This technology cannot be really applied to normal C++ code. In C++, I'm excited about the new features that we recently worked on at Sonar called AutoConfig which is trying to make C++ analysis accessible to any type of project independent of the compiler and tool chain that the project is using. This is mostly useful, because a lot of companies are stuck with older compiler and that don't have many toolings. Here in such technologies, the focus is mostly, it's mainly new parsing technologies that focus on being able to understand when the static analyzer don't fully get the entire context of the code and try to build the heuristics to understand it, even though it's not the real compiler that the user is using.

For this, we had to build a new part of the parser that can understand a reason about codes that is not typically understood by the top three compiler, Clang, GCC, and NSVC. Also, we have to detect dependency without relying on a dependency manager. We had to rebuild our own dependency managers that would look at the user code, and instead of looking at the dependency manager, look at the user code and deduce the dependency. We flip this around to know what dependencies this code base is using.

The end result of this is, on SonarQube, now the user can just click a button and analyze their code without providing a lot of context, without providing, actually, any context about the code base. We detect everything automatically.

[0:21:55] SF: Where does a lot of this innovation space come from? Is it driven by researchers in the space, then you got to stay up to date on what the most recent stuff that's happening in the research world? Or is a lot of it driven by industry, or maybe it's both?

[0:22:08] AS: It's mostly in research. Stack analysis is very research-y subject. At university, I did a project on formal verification, which is a form of static analysis to verify the program.

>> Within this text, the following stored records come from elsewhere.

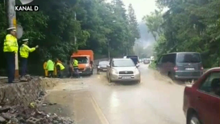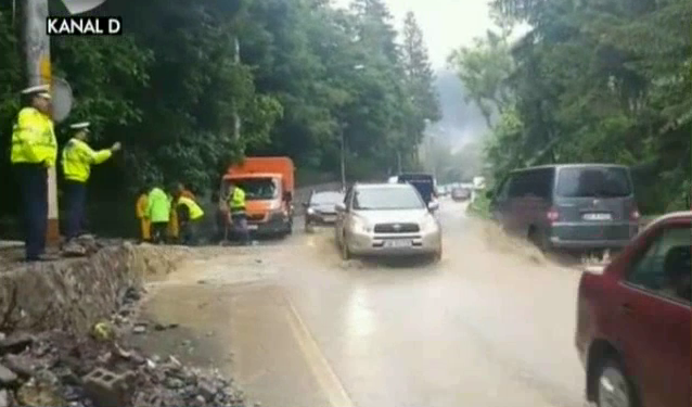 Imaginile vin de pe Valea Prahovei, din dreptul localitatii Posada, unde ploile torentiale aproape ca au blocat drumul spre statiunile montane. Ruperea de nori a dezlantuit suvoaiele de apa din munti, care au navalit cu furie pe carosabil.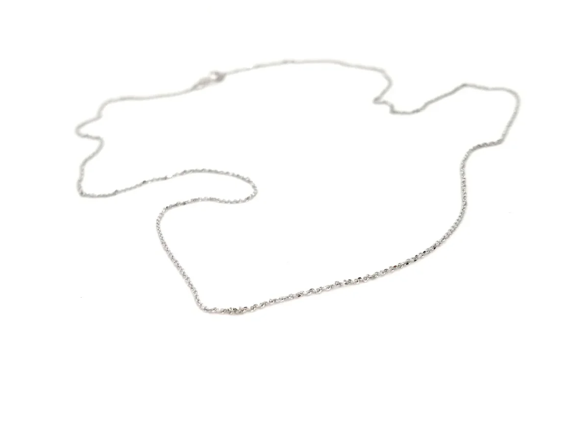 Chaîne en or blanc 750 millièmes (18 carats), maille forçat, longueur: 45 cm, largeur: 0,09 cm, poids total: 1,48 g, poinçon tête d’aigle, excellent état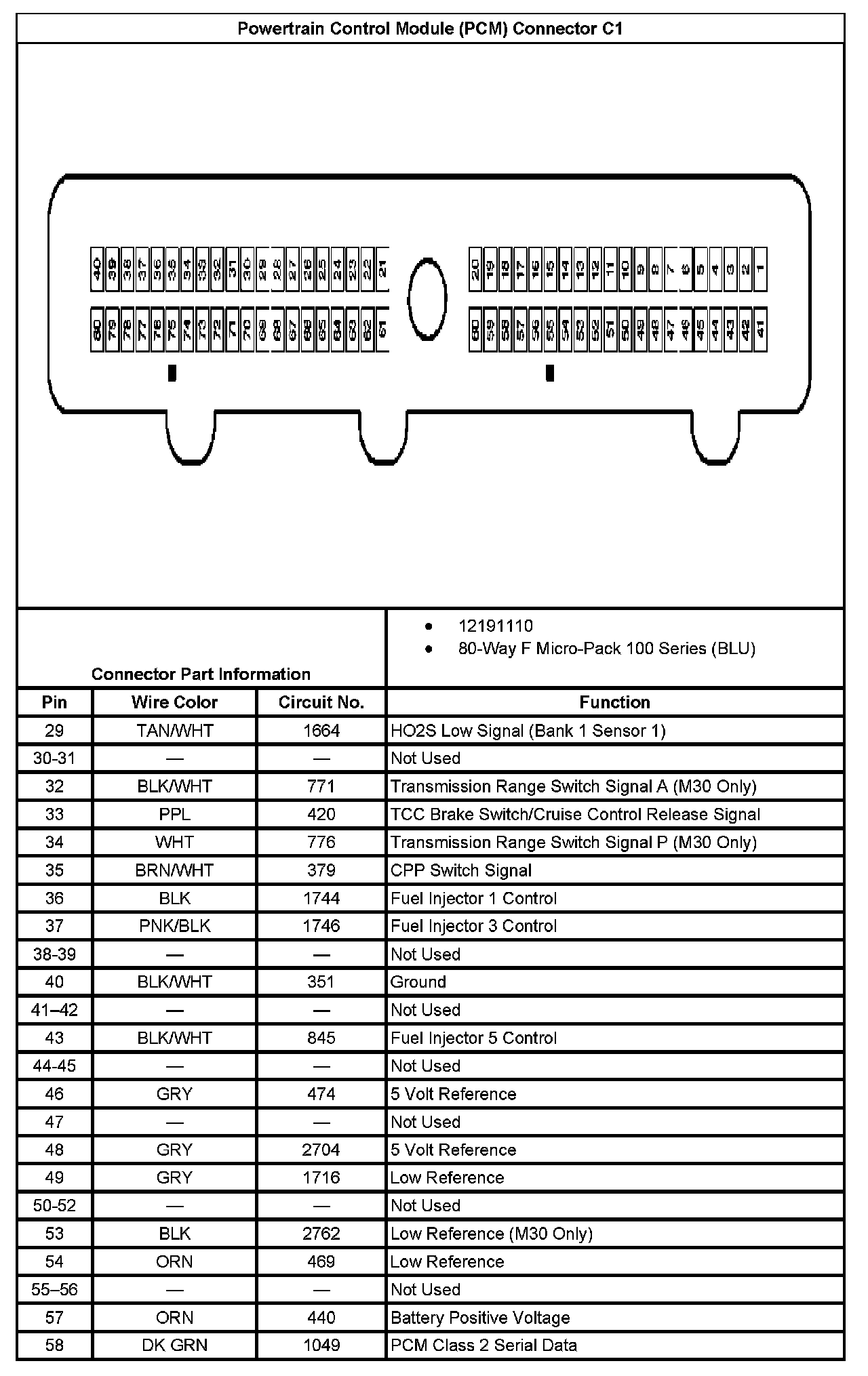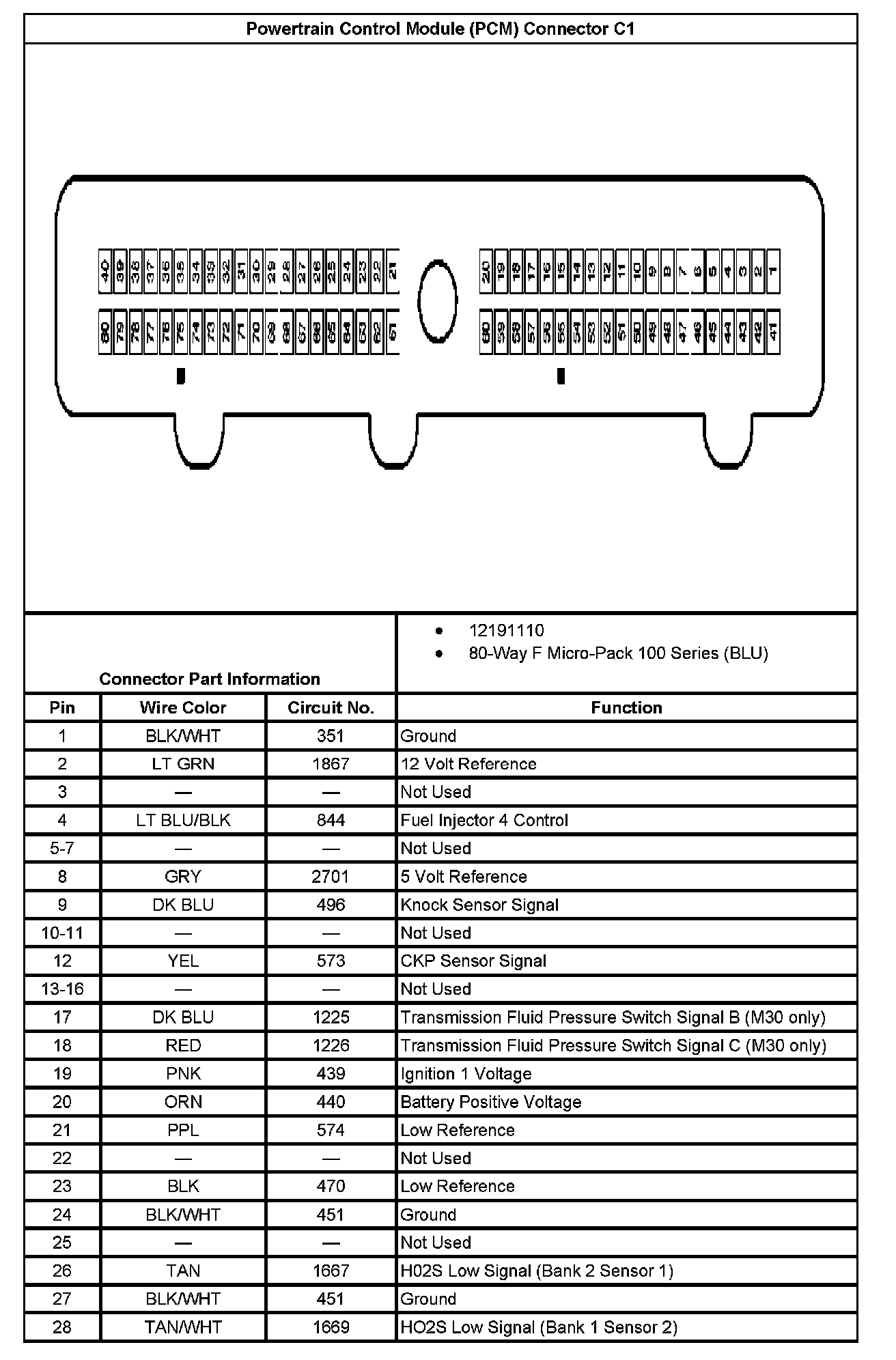 Powertrain Control Module (PCM) Connector C1 Part 1:

There's always new papers that are about new technology in symbolic execution, taint analysis, data flow, abstract interpretation. It's mostly driven by the academic world. Also, there is sometimes some non-standard static analysis contribution from machine learning and AI that can be integrated into static analysis to make it more powerful in terms of heuristics.

[0:22:45] SF: Do you spend some of your time looking at the latest research in order to figure out maybe what's next, or some opportunities that you can use at Sonar?

[0:22:54] AS: I personally don't have the time to do so. We have an R&D department that is mostly compiler engineers, or static analysis engineers that have a PhD in static analysis that focus on this, kind of what is a new top technology, leading some new paper to improve our product.

[0:23:12] SF: Okay, great. I wanted to also talk a little bit about C++. You have a long history with C++ going back to the 90s. I think that was around the late 90s was when I first started dabbling with C++, but I've never spent the bulk of my career working in it. I've gone in and out with C++ at different points. It's been around since the mid-80s. There's been a lot of change in that time. I remember being introduced to STL, the standard template library, which was a huge leap forward, I thought at the time in terms of having built-in data structures and algorithms at your fingertips. What are some of the major milestones in the history of C++ and its modernization?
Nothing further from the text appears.